Last Updated: February 2026 14 min read

Do I Need a Physical Address in My Emails?

Yes, CAN-SPAM requires a valid physical postal address in every commercial email. This can be your street address, a PO Box registered with the US Postal Service, a private mailbox (PMB) registered with a commercial mail receiving agency, or a virtual mailbox service. The address must be capable of receiving postal mail. Failing to include one can result in penalties of up to $51,744 per email.

Why the Physical Address Requirement Exists

The CAN-SPAM Act of 2003 established the physical address requirement as one of several provisions designed to reduce deceptive commercial email. The requirement serves multiple purposes that protect both email recipients and the broader email ecosystem.

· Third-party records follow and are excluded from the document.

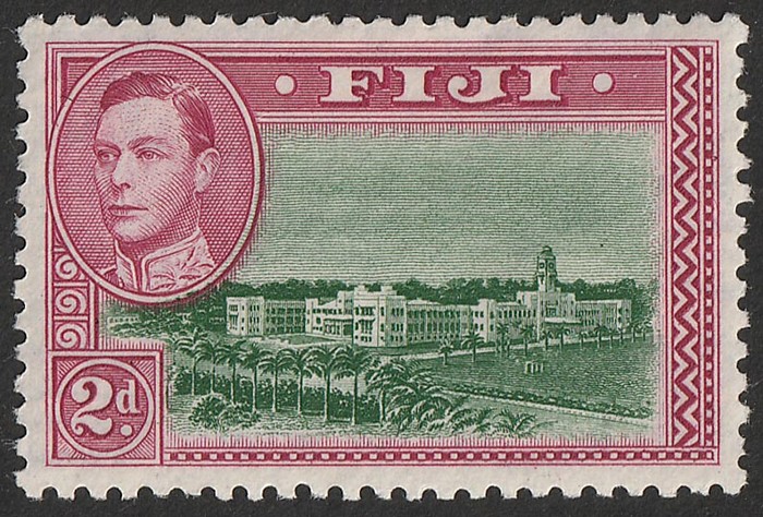 Offices 2d green & magenta, perf 12, variety 'scratched building'. VF fresh M. SG 255ab cat £120. (Image1)
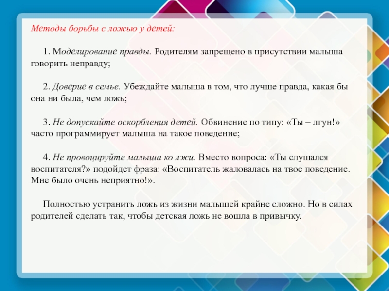 Слайд 3 Первопричиной детской лжи является взрослый, который задаёт
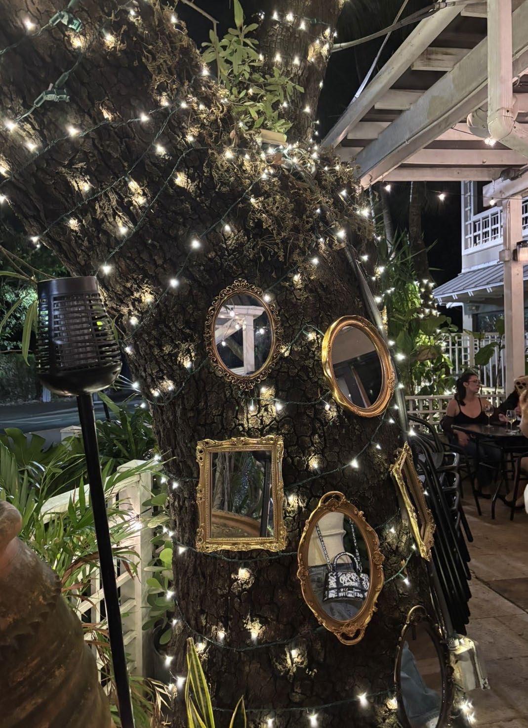 Mirrors and fairy lights decorate a tree at Magie, an outdoor wine bar in Coconut Grove.
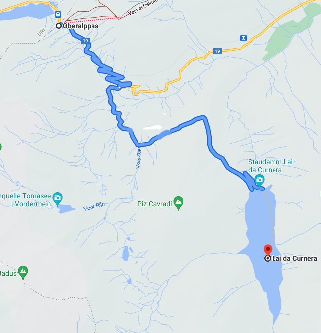 | Als je van de Oberalppass afdaalt richting Disentis dan is er na een paar kilometer een afslag naar rechts. Er staan diverse wandelroutes op gele bordjes waaronder de Lai da Curnera. Een smal asfaltweggetje loopt hier omhoog. Onderweg een slagboom waar je langs kunt fietsen. Het is gemeen steil maar het is kort. Al snel zie je de stuwdam liggen en daal je een stukje af. Hier een fraai uitzicht op het meer en dam. Je kunt nog helemaal afdalen om op de dam te komen. |
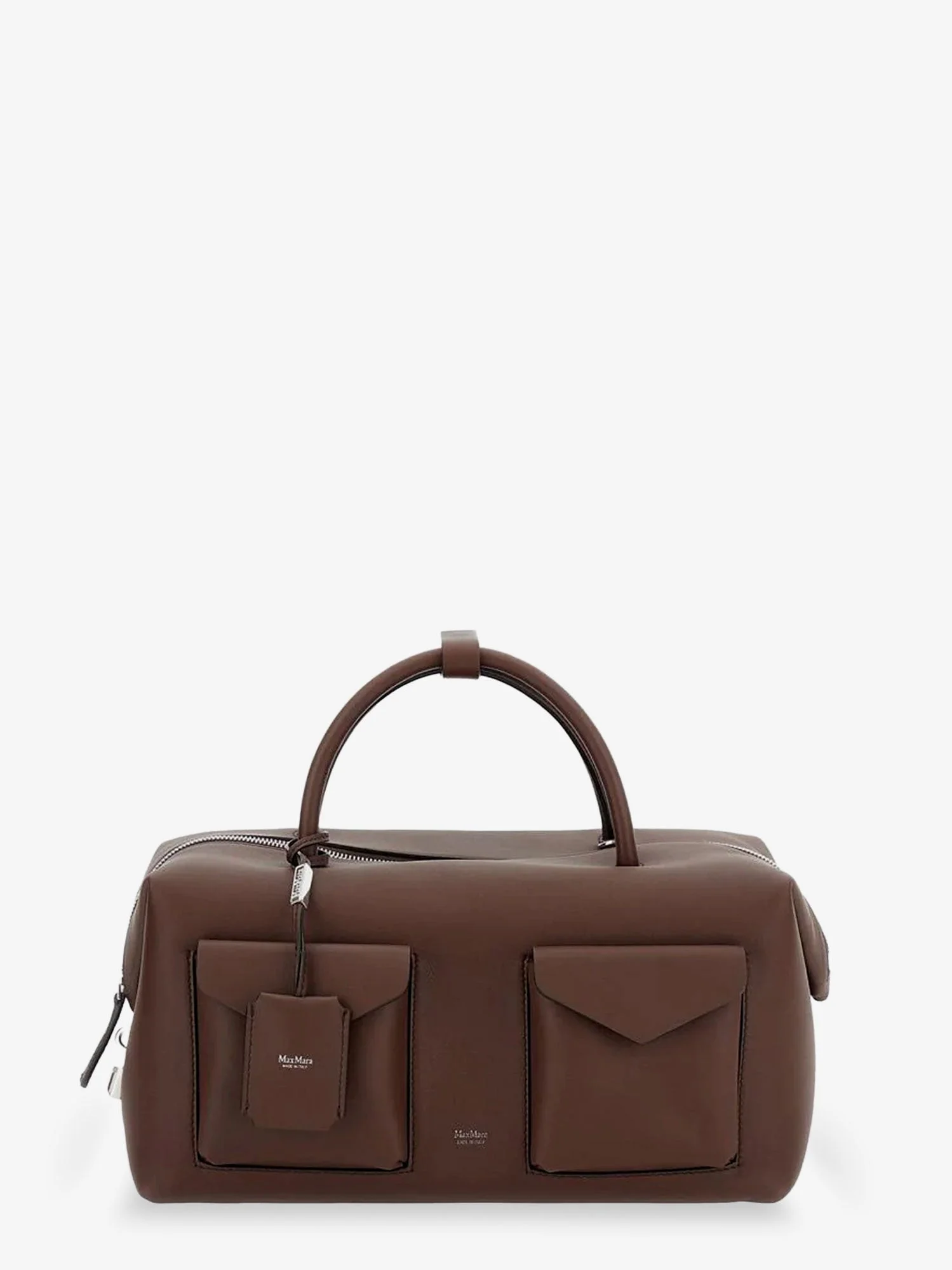 Large leather Boston bag with pockets - BROWN
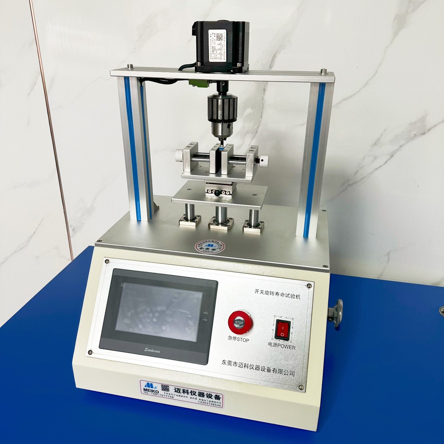 旋转编码器寿命试验机用于旋转编码器、电位器开关等开关旋转寿命测试。旋转编码器寿命试验机采用触摸屏控制设置且显示,旋转治具固定测试产品在一定角度、速度、次数、时间反复循环测试。
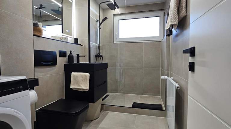 Die Wohnung verfügt über zwei Schlafzimmer, ein Wohnzimmer sowie eine voll ausgestattete Küche, die mit einem Kühlschrank und einer Kaffeemaschine ausgestattet ist. Zudem gibt es ein Badezimmer mit Dusche und Haartrockner. Handtücher und Bettwäsche werden bereitgestellt.
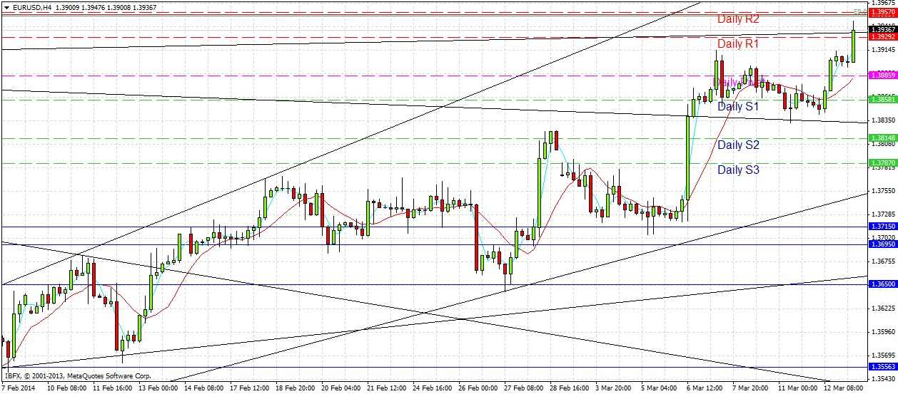 We are too far away from any obvious levels looking like good buying opportunities. The nearest level looks to be 1.3715. However we are very close to some likely resistant levels at 1.3955 and 1.3975, as well as the trend line I previously mentioned. The 1.3955 level is exactly confluent with the 50% Fibonacci retracement level of the major downwards from the pair’s all time high to a multi-year low made in 2010, as well as today’s R2 GMT daily pivot point, so this level really ought to have a resistant effect.

The requirement applies to all commercial electronic messages, which CAN-SPAM defines broadly as any email whose primary purpose is the commercial advertisement or promotion of a product or service. This includes newsletters, promotional campaigns, re-engagement emails, and any message that primarily advertises or promotes something.

Acceptable Address Types

Business Street Address

The most straightforward option for businesses with a dedicated office, storefront, or warehouse. Your company's actual physical location satisfies the requirement with no additional setup needed.

Post Office Box (PO Box)

A PO Box rented through the United States Postal Service is fully acceptable under CAN-SPAM. This is a popular option for small businesses and sole proprietors who want to keep their home address private.

Private Mailbox (PMB)

Commercial mail receiving agencies such as The UPS Store and similar providers offer private mailbox rentals that satisfy CAN-SPAM requirements. These services provide a street address format rather than a PO Box number.

Home-Based Businesses

If you work from home and do not want to share your residential address in every email you send, a PO Box, PMB, or virtual mailbox service is the recommended alternative. These options provide a professional appearance while maintaining your personal privacy. Many email marketers and online businesses use these services specifically for CAN-SPAM compliance.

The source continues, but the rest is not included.